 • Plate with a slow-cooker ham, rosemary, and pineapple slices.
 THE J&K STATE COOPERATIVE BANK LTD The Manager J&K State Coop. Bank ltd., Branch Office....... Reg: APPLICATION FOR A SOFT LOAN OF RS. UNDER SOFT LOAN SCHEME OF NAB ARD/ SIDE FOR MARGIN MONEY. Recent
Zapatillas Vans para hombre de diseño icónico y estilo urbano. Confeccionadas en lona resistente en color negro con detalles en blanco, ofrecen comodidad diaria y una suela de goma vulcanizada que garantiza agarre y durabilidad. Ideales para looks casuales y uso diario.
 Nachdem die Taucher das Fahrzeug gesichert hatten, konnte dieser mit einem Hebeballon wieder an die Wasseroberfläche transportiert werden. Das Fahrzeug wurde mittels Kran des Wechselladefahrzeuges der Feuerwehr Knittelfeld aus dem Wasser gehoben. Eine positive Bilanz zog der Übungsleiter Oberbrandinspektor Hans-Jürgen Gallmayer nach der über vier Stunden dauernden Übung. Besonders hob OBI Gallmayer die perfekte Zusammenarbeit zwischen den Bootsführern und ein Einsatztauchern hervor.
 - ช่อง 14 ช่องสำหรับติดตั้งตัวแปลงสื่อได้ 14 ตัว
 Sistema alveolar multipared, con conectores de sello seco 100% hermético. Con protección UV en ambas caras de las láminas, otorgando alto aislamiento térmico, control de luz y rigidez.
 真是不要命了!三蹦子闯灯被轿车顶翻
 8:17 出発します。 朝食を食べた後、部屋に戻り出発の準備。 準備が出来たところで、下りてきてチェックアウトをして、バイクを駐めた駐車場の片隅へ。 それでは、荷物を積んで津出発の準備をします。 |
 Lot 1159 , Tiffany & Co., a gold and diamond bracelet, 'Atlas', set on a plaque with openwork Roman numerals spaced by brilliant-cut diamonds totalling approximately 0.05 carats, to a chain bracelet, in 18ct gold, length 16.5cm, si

----

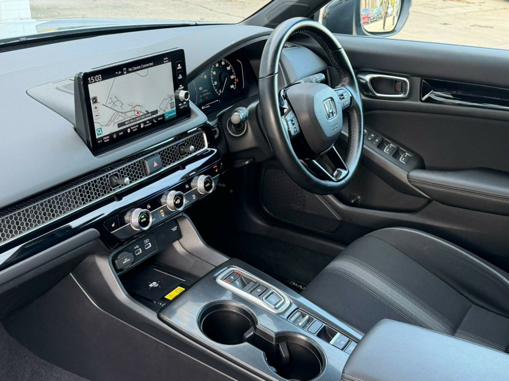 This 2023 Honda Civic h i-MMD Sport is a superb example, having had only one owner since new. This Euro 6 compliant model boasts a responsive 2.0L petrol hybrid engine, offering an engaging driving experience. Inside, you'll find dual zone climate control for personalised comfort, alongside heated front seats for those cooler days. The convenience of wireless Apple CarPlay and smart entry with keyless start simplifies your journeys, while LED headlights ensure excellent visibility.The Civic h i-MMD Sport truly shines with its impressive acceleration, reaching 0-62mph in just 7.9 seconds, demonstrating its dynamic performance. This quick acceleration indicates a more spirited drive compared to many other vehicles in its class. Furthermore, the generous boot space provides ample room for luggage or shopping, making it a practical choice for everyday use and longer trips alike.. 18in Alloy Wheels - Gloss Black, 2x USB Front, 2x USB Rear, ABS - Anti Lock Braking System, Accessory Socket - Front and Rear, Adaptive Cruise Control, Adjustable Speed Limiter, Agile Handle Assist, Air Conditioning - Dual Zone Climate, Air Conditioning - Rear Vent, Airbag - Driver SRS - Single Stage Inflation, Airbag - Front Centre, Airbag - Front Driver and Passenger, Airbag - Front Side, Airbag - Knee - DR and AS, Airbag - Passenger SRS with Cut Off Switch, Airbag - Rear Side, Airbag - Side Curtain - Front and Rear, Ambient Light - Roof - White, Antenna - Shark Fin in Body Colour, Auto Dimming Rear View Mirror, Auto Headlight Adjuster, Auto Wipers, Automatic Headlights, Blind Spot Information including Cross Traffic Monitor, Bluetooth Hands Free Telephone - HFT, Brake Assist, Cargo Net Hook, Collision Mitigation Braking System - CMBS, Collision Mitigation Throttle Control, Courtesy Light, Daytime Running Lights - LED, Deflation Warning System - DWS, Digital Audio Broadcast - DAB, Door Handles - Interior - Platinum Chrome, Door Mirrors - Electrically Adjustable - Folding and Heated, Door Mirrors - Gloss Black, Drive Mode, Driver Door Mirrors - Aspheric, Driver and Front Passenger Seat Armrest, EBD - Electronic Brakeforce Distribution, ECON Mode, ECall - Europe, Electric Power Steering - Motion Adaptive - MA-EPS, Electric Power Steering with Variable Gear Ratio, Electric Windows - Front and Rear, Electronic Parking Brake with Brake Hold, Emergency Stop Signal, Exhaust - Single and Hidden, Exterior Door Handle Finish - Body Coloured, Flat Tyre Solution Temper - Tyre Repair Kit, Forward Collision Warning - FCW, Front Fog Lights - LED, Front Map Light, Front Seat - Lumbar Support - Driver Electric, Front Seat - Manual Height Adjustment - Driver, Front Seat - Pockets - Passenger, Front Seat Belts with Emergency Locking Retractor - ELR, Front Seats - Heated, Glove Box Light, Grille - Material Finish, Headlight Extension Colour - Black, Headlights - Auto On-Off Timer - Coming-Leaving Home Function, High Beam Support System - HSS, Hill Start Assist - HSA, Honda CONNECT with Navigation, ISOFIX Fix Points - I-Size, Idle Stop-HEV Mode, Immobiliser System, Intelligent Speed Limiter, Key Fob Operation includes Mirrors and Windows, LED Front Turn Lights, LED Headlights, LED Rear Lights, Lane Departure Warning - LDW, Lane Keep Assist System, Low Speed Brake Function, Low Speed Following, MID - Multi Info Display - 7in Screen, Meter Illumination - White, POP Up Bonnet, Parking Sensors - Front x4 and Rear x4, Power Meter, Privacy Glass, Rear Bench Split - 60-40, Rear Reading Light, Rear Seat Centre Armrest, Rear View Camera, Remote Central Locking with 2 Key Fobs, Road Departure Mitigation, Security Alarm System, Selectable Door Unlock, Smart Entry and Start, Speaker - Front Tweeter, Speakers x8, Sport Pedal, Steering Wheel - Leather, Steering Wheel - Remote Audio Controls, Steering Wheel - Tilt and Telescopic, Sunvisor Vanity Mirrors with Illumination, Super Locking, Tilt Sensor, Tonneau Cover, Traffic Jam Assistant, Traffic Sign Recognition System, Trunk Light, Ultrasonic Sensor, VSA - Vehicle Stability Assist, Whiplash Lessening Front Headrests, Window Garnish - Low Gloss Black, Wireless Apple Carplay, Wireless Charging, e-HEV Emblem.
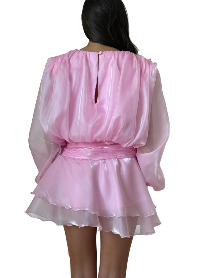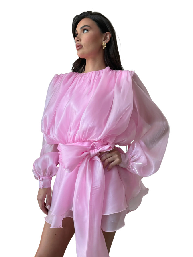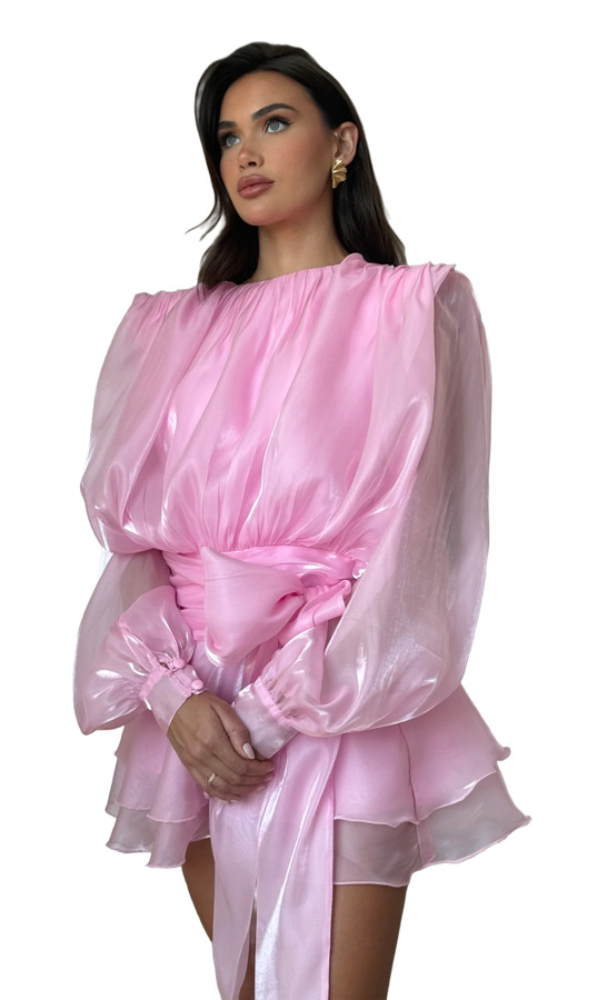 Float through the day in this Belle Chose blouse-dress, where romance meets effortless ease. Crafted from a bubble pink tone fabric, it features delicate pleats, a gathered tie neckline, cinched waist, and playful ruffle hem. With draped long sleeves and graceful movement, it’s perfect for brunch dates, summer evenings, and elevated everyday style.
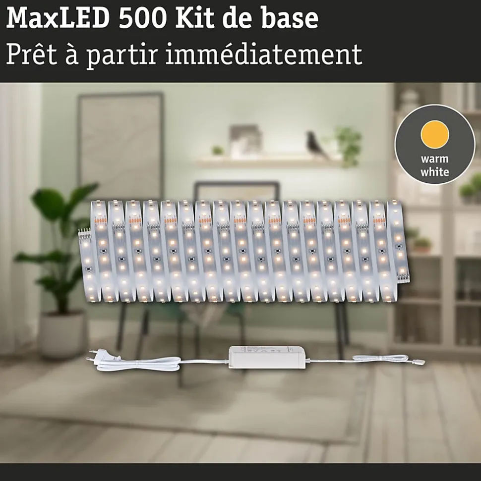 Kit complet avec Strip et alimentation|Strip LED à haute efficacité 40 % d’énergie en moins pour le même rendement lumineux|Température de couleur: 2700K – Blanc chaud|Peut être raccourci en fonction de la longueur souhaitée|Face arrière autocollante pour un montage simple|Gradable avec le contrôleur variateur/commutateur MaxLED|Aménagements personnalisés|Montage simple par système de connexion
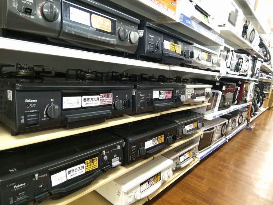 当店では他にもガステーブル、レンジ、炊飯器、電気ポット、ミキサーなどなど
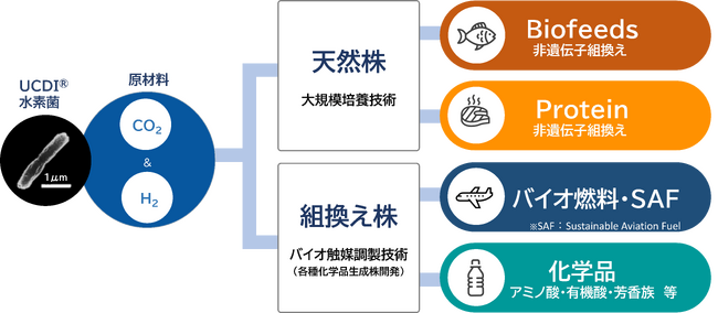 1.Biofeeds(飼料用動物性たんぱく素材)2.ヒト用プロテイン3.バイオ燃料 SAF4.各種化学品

----

▶ Task item: Starting at the line above that contains "and pineapple slices.", repeat each line exactly up to and including the line that contains "Zapatillas Vans para", and stop there.

▶ Answer space:
 • Plate with a slow-cooker ham, rosemary, and pineapple slices.
 THE J&K STATE COOPERATIVE BANK LTD The Manager J&K State Coop. Bank ltd., Branch Office....... Reg: APPLICATION FOR A SOFT LOAN OF RS. UNDER SOFT LOAN SCHEME OF NAB ARD/ SIDE FOR MARGIN MONEY. Recent
Zapatillas Vans para hombre de diseño icónico y estilo urbano. Confeccionadas en lona resistente en color negro con detalles en blanco, ofrecen comodidad diaria y una suela de goma vulcanizada que garantiza agarre y durabilidad. Ideales para looks casuales y uso diario.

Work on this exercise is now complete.